Uruchomiono silnik samolotu PZL P.11 C. Ta maszyna broniła Polski podczas kampanii wrześniowej

W Muzeum Lotnictwa w Krakowie, po dwóch latach prac restauracyjno-konserwacyjnych udało się odpalić silnik samolotu PZL P.11c. To jeden z najcenniejszych eksponatów w Polsce. Maszyna brała udział w drugiej wojnie światowej.

Uruchomiono silnik samolotu PZL P.11 C. Ta maszyna broniła Polski podczas kampanii wrześniowej
Źródło zdjęć: © Stanisław Guzik
Arkadiusz Stando

02.08.2018 | aktual.: 03.08.2018 10:27

Ten PZL P.11c jest jedyną zachowaną maszyną myśliwską Polaków, która brał udział w obronie ziem polskich we wrześniu 1939 r. Prace nad samym remontem silnika trwały ponad rok i nie kosztowały nawet złotówki. Zajął się tym prawdziwy pasjonat i specjalista w tematyce silników lotniczych, pan Henryk Wicki, właściciel firmy ze Świdnika.

Przed wojną maszynę nazywano "jedynastką". Jej napęd stanowi 9-cylindrowy silnik gwiazdowy Bristol Merkury o mocy 600 km. Został wyprodukowany przez zakłady Skoda w Polsce. Silnik był nietknięty przez ponad 80 lat. Maszynę wyprodukowano w połowie lat 30.

Samolot znajduje się w Muzeum Lotnictwa Polskiego w Krakowie od 1963 roku. Podczas wojny został postrzelony w płaty i silnik, i przez większość czasu prawdopodobnie stał na lotnisku, zanim trafił do muzeum. Egzemplarz oprócz remontu otrzymał także nowe malowanie.

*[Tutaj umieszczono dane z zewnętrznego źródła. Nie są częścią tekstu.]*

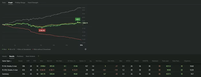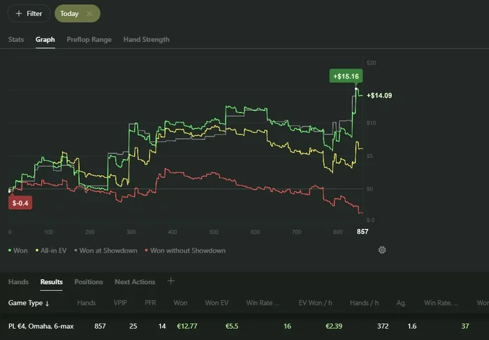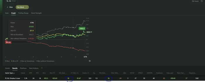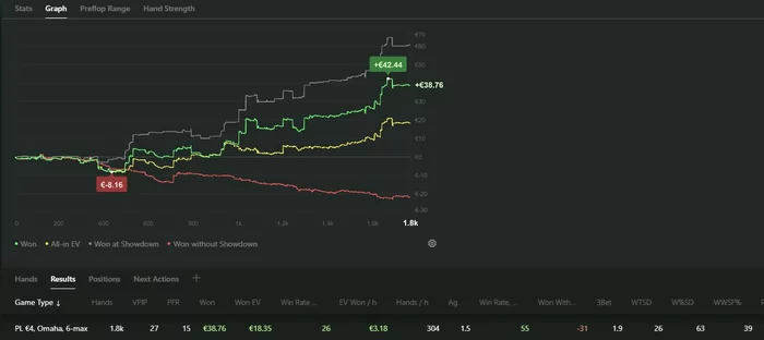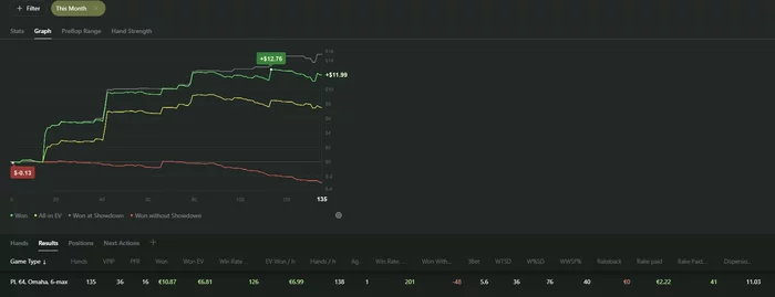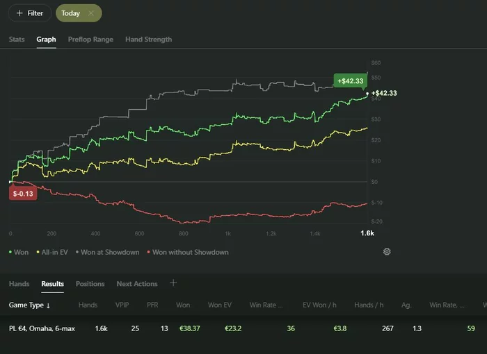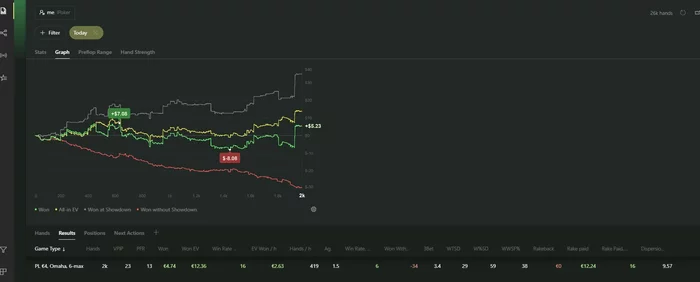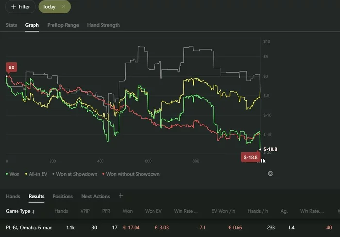 Ну и сегодня что-то совсем слабо получалось что..Блокеры не работали, доски приходили ужасные во всех 3бетпотах, сам опять как говно играл пассивно. В минус этот день, хоть по ев не так уж и плохо вроде..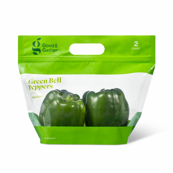 From arranging a veggie snack tray to preparing satisfying, savory dishes, you're sure to find lots of uses in your kitchen for 2-Count Green Bell Peppers. These green bell peppers are suitable for simply slicing and enjoying raw on a veggie tray along with your favorite dips like ranch or hummus, or for using in a variety of recipes from fajitas to stir frys and more. Or you can whip up a classic Cajun or Creole dish when you start with diced green bell pepper, onion and celery as a flavorful base...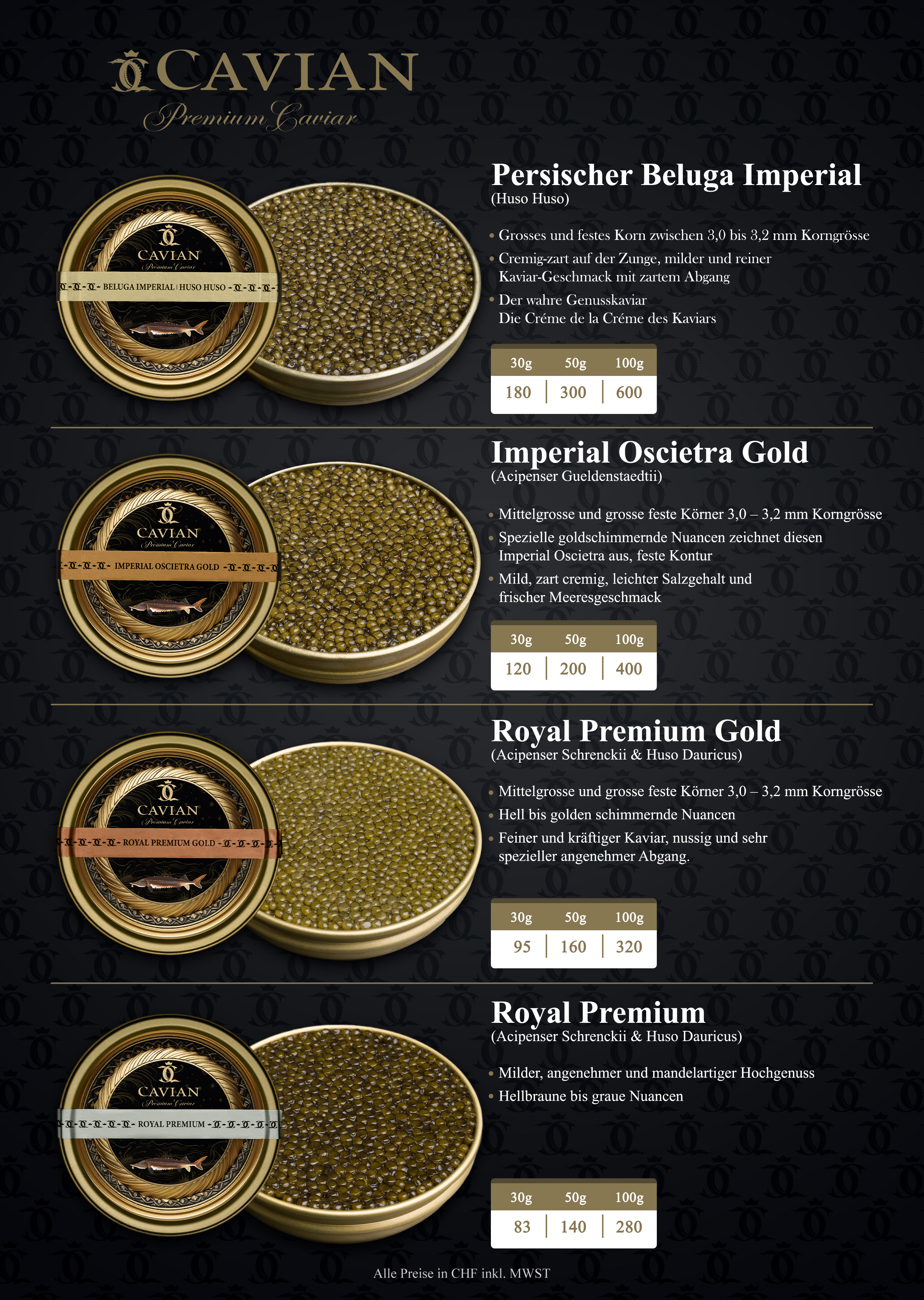Die Firma Luxury Food GmbH mit Sitz in Zug hat sich mit der Marke CAVIAN auf den Vertrieb von Kaviar der Top-Klasse spezialisiert.

Co ciekawe, historyczny samolot pojawi się na pasie przed trybuną sierpniowych Air Show w Radomiu z okazji 100-lecia odzyskania niepodległości. Odrestaurowaniem P.11c zajęli się specjaliści z MLP, korzystając z środków Muzeum Lotnictwa Polskiego w Krakowie.

Aktualizacja:

Kilka godzin po opublikowaniu artykułu odezwał się do nas czytelnik, korzystając z serwisu dziejesie.wp.pl. Poinformował o wielkich sukcesach polskiej maszyny P.11 C. Jak się okazuje, maszyna Polaków jako pierwsza zestrzeliła nazistowski samolot podczas II wojny światowej. Postanowiliśmy dołączyć przedstawiane informacje do naszego artykułu:

"Żurada, 01.09.1939 r. Pierwsze zestrzelenie niemieckich samolotów w czasie II Wojny Światowej przez samolot PZL.P.11c o numerze 5 należącym do 121 Eskadry 2 Dywizjonu Myśliwskiego stacjonującego wówczas na podkrakowskim lotnisku Balice, pilotowanym przez Władysława Gnysia.

W dniu wybuchu II Wojny Światowej - 1 września 1939 r., nad Żuradą rozpętała się powietrzna potyczka między dwoma niemieckimi bombowcami "Do 17 E", a polskim samolotem myśliwskim "PZL.P.11c" należącym do 121 Eskadry 2 Dywizjonu Myśliwskiego stacjonującego wówczas na podkrakowskim lotnisku Balice.

W wyniku starcia, niemieckie bombowce (wracające z bombardowania Krakowa) zostały zestrzelone i runęły na ziemię roztrzaskując się na terenie wsi Żurada. Wiele lat później, po szczegółowej analizie meldunków (także niemieckich), historycy wojskowi w Londynie uznali, że strącone nad Żuradą bombowce były pierwszymi niemieckimi maszynami jakie zestrzelono w II Wojnie Światowej."